Мы с Роем переглянулись и, не сказав друг другу ни слова, решили несколько минут переждать. Когда она немного успокоилась, но все еще продолжала плакать, я погладил ее по руке и спросил:

— Миссис Джего, дорогая, что случилось?

— Мистер Элиот, я должна извиниться за эту неуместную сцену, — проговорила она, пытаясь держаться с достоинством и явно подражая леди Мюриэл, — но не выдержала и снова разрыдалась.

— Скажите же нам, что случилось, — повторил я.

Она снова попыталась говорить с достоинством — и опять не выдержала.

— Они сказали… они сказали, что меня нельзя подпускать к Резиденции, — всхлипывая, пролепетала она.

— Элис, о чем вы говорите? — вмешался Рой.

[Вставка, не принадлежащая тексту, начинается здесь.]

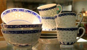 Four Delicate Cups & Saucers and Three Rice Bowls (SOLD)

— Они меня ненавидят. Все ненавидят. Да и вы… — она выпрямилась в кресле и, не вытирая блестевших на щеках слез, посмотрела на Роя —… и вы меня тоже иногда ненавидите.

— Что за глупости!

— Я вовсе не такая дура, как вам кажется! — Она вынула из-за корсажа листок бумаги. Я взял его и прочитал. Рой из-за моего плеча — тоже. Это была листовка Найтингейла.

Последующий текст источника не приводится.